### Task item
Repeat the span of the entries below that starts at the line with "この日は、ボールを打つ用具(ラケットOR" and ends at the line with "The classic round", nothing more. Skip the pictures.

### Input

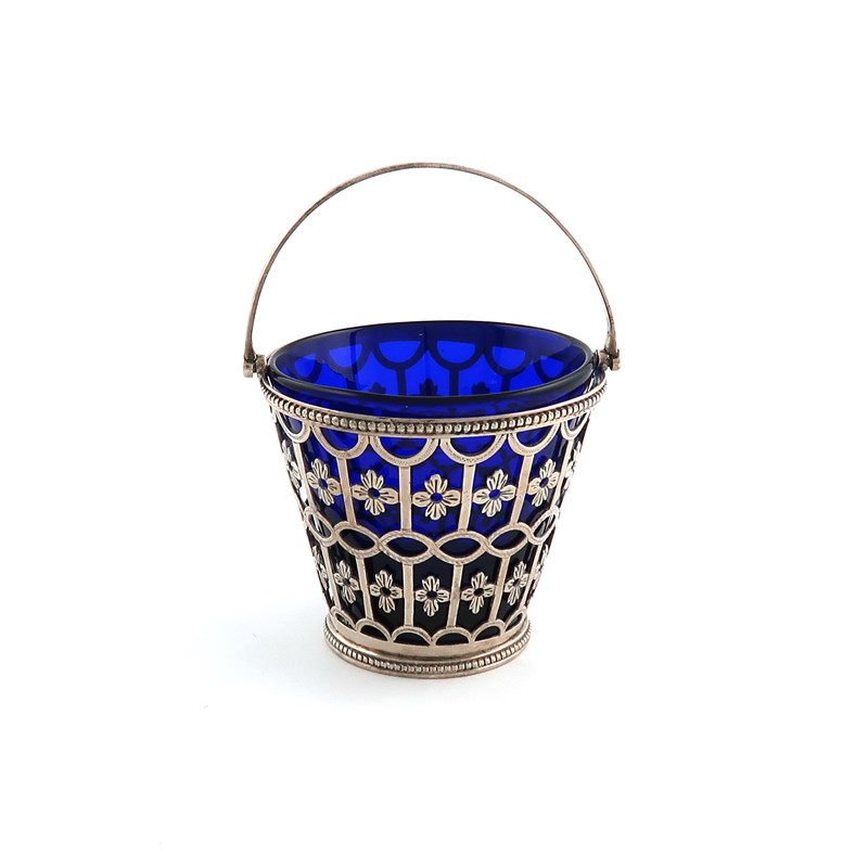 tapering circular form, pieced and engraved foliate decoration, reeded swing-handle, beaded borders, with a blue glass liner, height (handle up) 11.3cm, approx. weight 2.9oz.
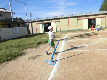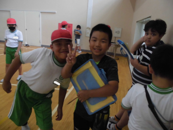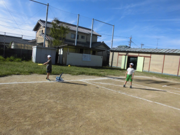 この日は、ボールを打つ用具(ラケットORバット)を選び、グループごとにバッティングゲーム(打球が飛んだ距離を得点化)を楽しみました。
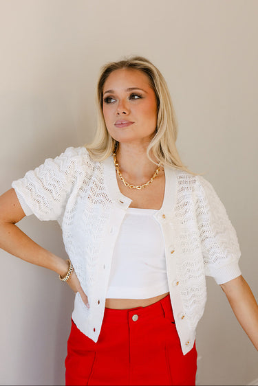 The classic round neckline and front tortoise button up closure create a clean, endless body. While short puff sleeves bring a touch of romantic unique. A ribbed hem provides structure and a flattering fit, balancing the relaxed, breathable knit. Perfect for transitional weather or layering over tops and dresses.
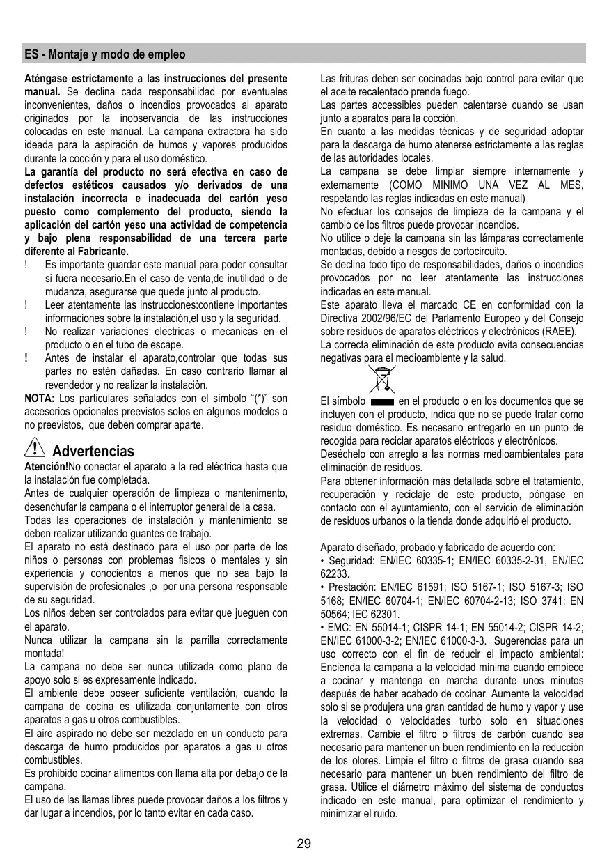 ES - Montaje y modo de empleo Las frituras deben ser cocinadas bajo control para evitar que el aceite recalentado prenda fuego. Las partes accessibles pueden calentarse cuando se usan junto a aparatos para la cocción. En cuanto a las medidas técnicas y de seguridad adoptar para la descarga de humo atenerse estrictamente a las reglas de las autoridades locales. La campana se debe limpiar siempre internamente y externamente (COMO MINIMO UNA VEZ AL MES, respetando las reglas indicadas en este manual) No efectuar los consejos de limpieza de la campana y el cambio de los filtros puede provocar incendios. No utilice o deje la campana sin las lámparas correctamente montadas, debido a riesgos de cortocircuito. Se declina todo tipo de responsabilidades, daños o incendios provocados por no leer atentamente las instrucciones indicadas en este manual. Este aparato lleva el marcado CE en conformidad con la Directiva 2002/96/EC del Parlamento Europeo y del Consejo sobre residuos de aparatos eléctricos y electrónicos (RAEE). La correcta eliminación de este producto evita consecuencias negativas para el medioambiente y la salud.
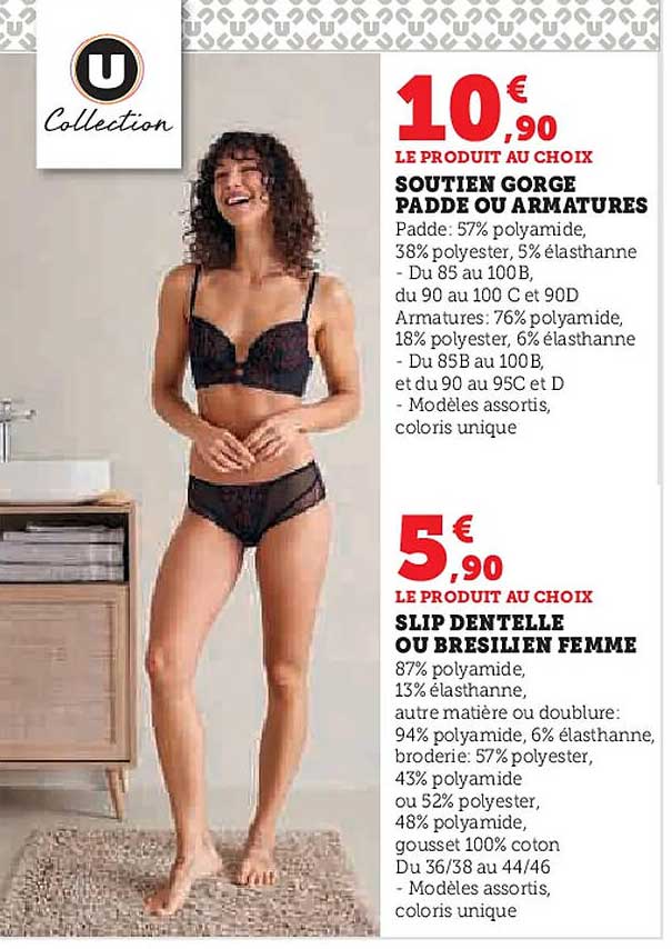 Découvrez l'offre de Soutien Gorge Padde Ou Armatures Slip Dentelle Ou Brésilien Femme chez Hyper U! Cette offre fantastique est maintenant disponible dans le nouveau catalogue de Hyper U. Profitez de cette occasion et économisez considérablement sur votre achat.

--

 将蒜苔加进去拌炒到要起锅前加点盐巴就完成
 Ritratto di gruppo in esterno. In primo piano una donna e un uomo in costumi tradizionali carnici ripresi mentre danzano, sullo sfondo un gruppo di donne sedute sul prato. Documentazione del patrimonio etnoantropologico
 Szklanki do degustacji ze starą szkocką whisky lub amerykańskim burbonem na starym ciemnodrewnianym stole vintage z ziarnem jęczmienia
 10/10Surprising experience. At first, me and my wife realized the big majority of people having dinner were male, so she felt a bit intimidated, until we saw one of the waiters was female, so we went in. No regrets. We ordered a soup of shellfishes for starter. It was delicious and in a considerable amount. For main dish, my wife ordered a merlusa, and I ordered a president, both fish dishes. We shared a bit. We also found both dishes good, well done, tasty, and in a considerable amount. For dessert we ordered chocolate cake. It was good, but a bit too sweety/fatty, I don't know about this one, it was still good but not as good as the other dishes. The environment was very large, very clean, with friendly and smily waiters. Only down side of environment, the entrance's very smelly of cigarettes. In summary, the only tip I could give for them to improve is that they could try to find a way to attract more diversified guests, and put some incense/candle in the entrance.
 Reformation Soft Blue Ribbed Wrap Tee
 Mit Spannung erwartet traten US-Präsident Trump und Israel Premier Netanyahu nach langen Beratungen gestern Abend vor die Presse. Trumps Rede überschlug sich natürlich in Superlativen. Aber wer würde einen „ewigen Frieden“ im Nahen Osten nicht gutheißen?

### Answer area
 この日は、ボールを打つ用具(ラケットORバット)を選び、グループごとにバッティングゲーム(打球が飛んだ距離を得点化)を楽しみました。
 The classic round neckline and front tortoise button up closure create a clean, endless body. While short puff sleeves bring a touch of romantic unique. A ribbed hem provides structure and a flattering fit, balancing the relaxed, breathable knit. Perfect for transitional weather or layering over tops and dresses.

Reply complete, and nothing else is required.